DEICON OFFERS CUSTOMIZED PASSIVE AND ACTIVE NOISE AND VIBRATION CONTROL SOLUTIONS TO SUIT THE UNIQUE DEMANDS OF INDUSTRIAL MACHINERY AND PROCESS EQUIPMENT.

DEICON offers solutions for reducing the level of what perturbs the equipment, modifying the structural or acoustical dynamics of the equipment by varying its inertia and/or compliance, isolating the equipment, and adding structural or acoustic damping to the equipment.

A sample of applications includes but are not limited to structural damping of piping systems, vibration isolation of power generators, pumps, fans, compressors, etc., and acoustical damping of combustors.

Mitigating combustion-driven oscillation (thermoacoustic instability) in industrial combustors
Tuned damping of a 12 inch piping system
Lowering noise and vibration transmission of a 200 Ton screw compressor refrigeration system (chiller)

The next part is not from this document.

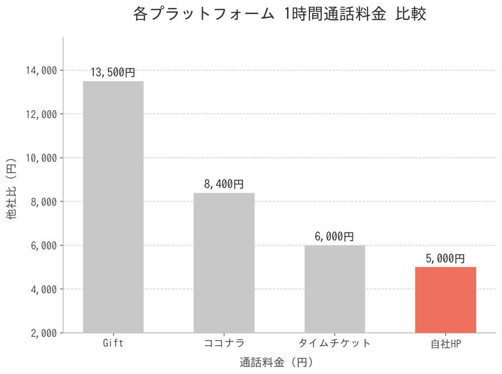 下は当方が所属しているGiftやココナラなどの、各プラットフォームからご依頼いただいた、1時間当たりの価格比較となっております。赤い棒グラフが当HPから1時間のご相談を受けた場合となっております。不器用な人間ですので、プラットフォームによってキャラ変しているわけではありません。どのプラットフォームからでも同じように誠実にクライアント様に向き合っておりますが、当HPよりご利用のお客様にはしっかりとしたフォローアップメッセージとアフターケア、次回もご利用の際には割引特典もご用意しております。

Vibration Isolation of Industrial Equipment

Transformer Noise and Vibration Abatement

When transformers are rigidly (not resiliently) mounted on the floor (or any other structure supporting them), their vibration will transmit to the support structure and find its way in neighboring spaces (rooms, offices, laboratories, etc.), causing an annoying, tiring, tonal noise. This structure-borne noise issue can be addressed by Isolating the core and coils of the transformer from the ground/floor, using proper vibration isolators. In air-cooled dry transformers, this means to isolate the core and coil from its support structure. For an oil-filled unit, it means to isolate the core and coil from its tank base and isolate its tank base from the support structure. Making certain all the connections to the surrounding are flexible. This includes incoming cables, busbars, stand-off insulators, etc. Note that any rigid connection from the vibrating transformer to a solid structure will transmit vibration. Avoiding the use of a room, to house a transformer, with dimensions corresponding to the half wavelength of the transformer vibration/noise frequencies. That is, stay clear of the room acoustic resonances being perturbed by the transformer.

Lowering the Transmission of Structure-borne Noise

Proper vibration isolation of a transformer from its support structure lowers the transmission of its vibration to the structure and thus abates the structure-borne noise. Vibration isolation of a transformer involves the following steps: Study the flexibility of the support structure/floor and see how it would affect the vibration isolation effectiveness of the isolators. Note that even the most rigid of structures are only rigid up to their first resonant frequency. Selection of vibration isolation scheme (one stage or two stage), This decision is normally made depending on the spectrum of the structure-borne noise, rigidity of the support structure, etc. Design of the brackets to allow the structure of transformer to accommodate the isolators, and Design of the hard stops in case the resiliently mounted transformer moves more than it should (in the unlikely event of an earthquake, for example).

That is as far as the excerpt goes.